▶ Task description:
Stop at the line that contains "試験管の口に石けんを付け、手". Until then, set down each line of the records exactly, beginning with the first, and skip pictures.

▶ Data for this task:

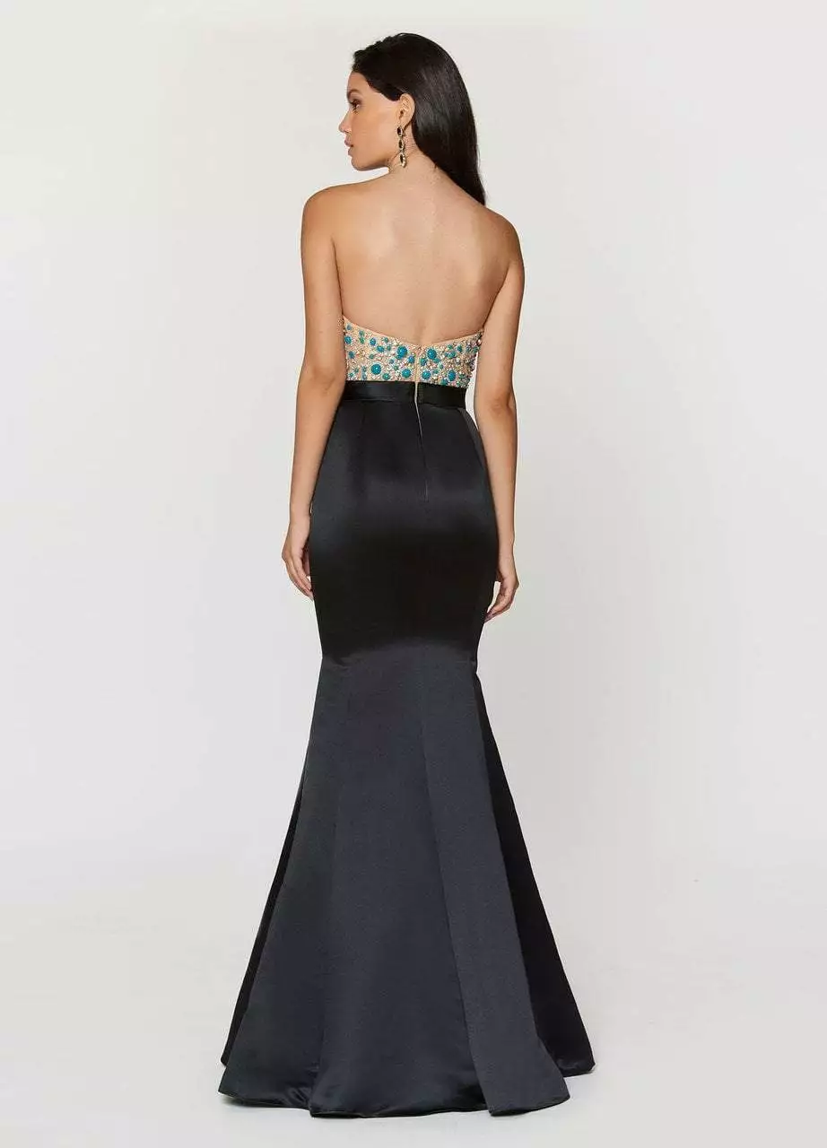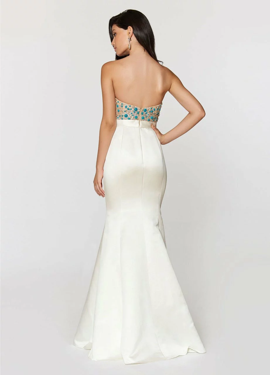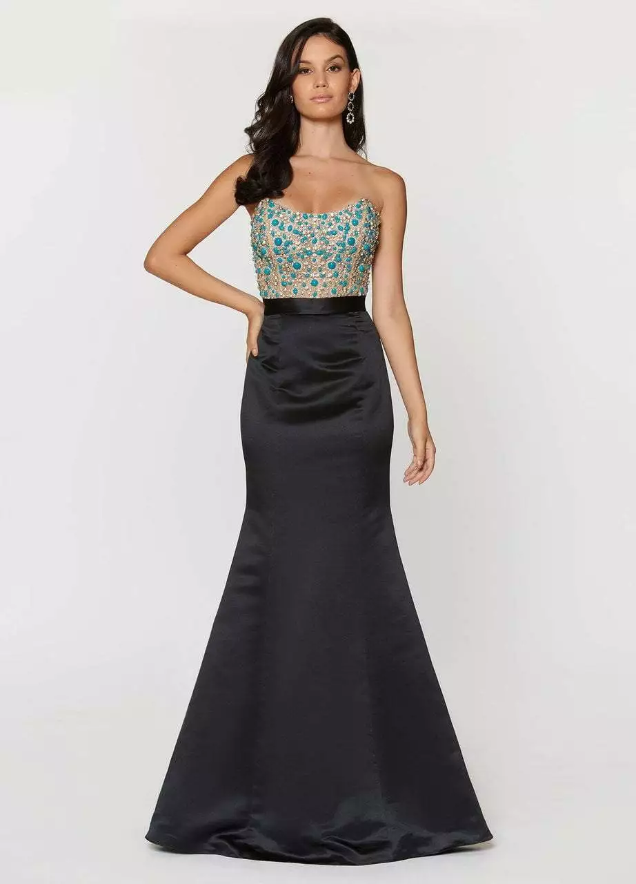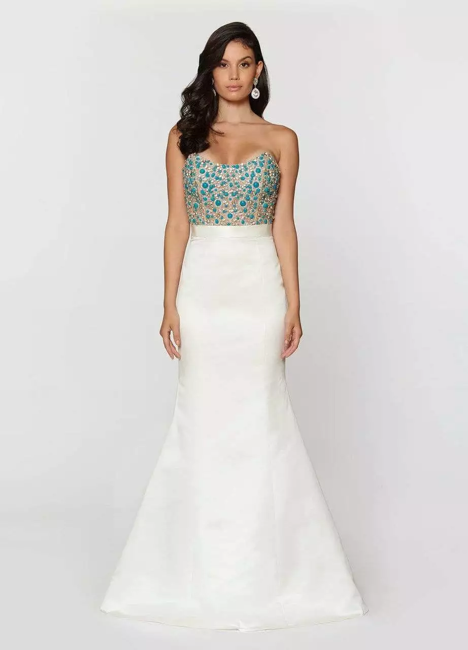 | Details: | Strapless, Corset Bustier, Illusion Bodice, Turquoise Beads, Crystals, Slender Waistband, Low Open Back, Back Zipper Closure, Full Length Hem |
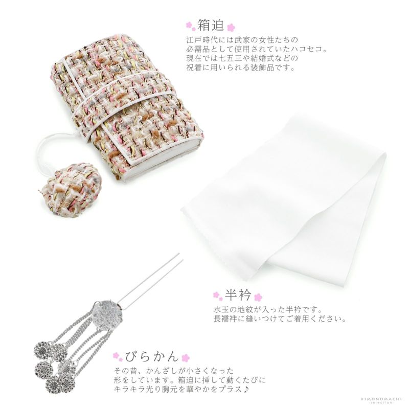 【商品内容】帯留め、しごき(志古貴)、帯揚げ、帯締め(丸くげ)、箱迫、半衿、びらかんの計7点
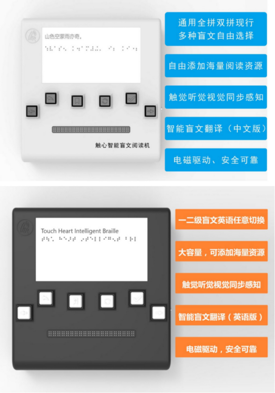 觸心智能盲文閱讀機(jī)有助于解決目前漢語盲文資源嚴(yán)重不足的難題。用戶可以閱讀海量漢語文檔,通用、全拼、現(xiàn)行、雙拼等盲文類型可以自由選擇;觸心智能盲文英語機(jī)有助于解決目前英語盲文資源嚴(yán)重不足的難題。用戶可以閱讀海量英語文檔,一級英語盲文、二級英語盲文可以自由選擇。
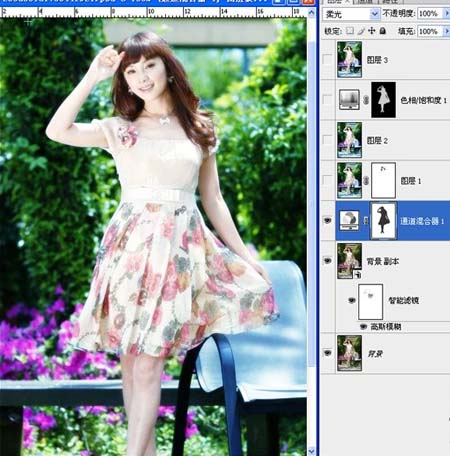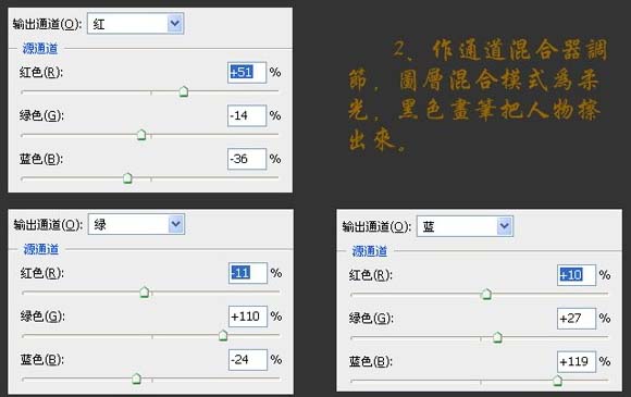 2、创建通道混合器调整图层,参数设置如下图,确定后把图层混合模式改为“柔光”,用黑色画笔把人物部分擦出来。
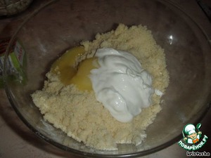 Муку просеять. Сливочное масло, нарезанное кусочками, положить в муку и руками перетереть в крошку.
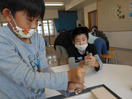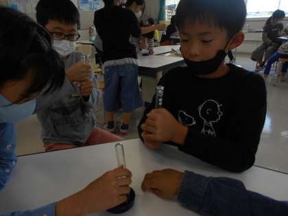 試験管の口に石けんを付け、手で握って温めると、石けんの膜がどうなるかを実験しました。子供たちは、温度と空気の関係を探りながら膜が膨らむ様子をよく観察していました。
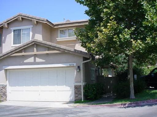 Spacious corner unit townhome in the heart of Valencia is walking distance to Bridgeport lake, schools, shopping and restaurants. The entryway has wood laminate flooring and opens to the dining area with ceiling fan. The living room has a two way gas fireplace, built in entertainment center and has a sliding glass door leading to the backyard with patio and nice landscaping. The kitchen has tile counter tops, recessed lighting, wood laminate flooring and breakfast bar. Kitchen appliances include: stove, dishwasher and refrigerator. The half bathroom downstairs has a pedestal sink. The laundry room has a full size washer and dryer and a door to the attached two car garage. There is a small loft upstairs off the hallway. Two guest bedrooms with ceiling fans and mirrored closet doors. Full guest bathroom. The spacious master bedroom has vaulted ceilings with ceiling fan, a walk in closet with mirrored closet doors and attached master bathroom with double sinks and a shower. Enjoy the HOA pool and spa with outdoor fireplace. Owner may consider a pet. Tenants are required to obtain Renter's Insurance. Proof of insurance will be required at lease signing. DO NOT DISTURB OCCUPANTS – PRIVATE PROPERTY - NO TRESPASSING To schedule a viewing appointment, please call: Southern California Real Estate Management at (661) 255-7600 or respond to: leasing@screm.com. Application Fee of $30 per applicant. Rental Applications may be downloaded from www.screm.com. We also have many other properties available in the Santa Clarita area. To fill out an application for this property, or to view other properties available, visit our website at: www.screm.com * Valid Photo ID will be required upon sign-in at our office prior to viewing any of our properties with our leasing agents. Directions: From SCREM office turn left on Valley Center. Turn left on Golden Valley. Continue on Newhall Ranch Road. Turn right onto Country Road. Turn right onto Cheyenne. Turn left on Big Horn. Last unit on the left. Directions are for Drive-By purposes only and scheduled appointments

▶ Problem solution:
 | Details: | Strapless, Corset Bustier, Illusion Bodice, Turquoise Beads, Crystals, Slender Waistband, Low Open Back, Back Zipper Closure, Full Length Hem |
 【商品内容】帯留め、しごき(志古貴)、帯揚げ、帯締め(丸くげ)、箱迫、半衿、びらかんの計7点
 觸心智能盲文閱讀機(jī)有助于解決目前漢語盲文資源嚴(yán)重不足的難題。用戶可以閱讀海量漢語文檔,通用、全拼、現(xiàn)行、雙拼等盲文類型可以自由選擇;觸心智能盲文英語機(jī)有助于解決目前英語盲文資源嚴(yán)重不足的難題。用戶可以閱讀海量英語文檔,一級英語盲文、二級英語盲文可以自由選擇。
 2、创建通道混合器调整图层,参数设置如下图,确定后把图层混合模式改为“柔光”,用黑色画笔把人物部分擦出来。
 Муку просеять. Сливочное масло, нарезанное кусочками, положить в муку и руками перетереть в крошку.
 試験管の口に石けんを付け、手で握って温めると、石けんの膜がどうなるかを実験しました。子供たちは、温度と空気の関係を探りながら膜が膨らむ様子をよく観察していました。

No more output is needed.